Segment Open

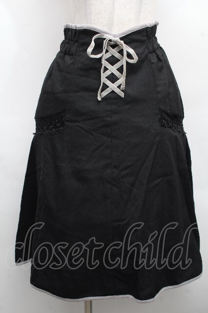 axes femme / フロント編上レース切替スカート 黒 S-26-04-09-055-AX-SK-AS-ZS
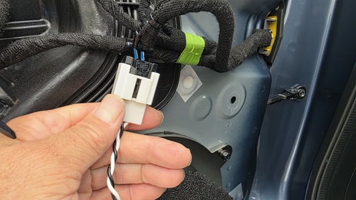 オーディオ音質向上目的のスピーカー交換を実施中の、マツダCX-5(KE型)標準オーディオ付車ドアスピーカー接続
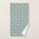 Cet ensemble de serviettes a un design moderne du milieu du siècle des ensembles de cinq lignes blanches, alternativement horizontales et verticales, répétant à travers le design sur un arrière - plan vert rétro. Si vous aimez le design mais que vous voulez des couleurs différentes, envoyez-moi un message.

Segment Closed

> [YOUR ASSIGNMENT]: Retype the entire listing exactly as it appears, dropping only the pictures.

> [OUTPUT FOR THIS EXERCISE]:
 axes femme / フロント編上レース切替スカート 黒 S-26-04-09-055-AX-SK-AS-ZS
 オーディオ音質向上目的のスピーカー交換を実施中の、マツダCX-5(KE型)標準オーディオ付車ドアスピーカー接続
 Cet ensemble de serviettes a un design moderne du milieu du siècle des ensembles de cinq lignes blanches, alternativement horizontales et verticales, répétant à travers le design sur un arrière - plan vert rétro. Si vous aimez le design mais que vous voulez des couleurs différentes, envoyez-moi un message.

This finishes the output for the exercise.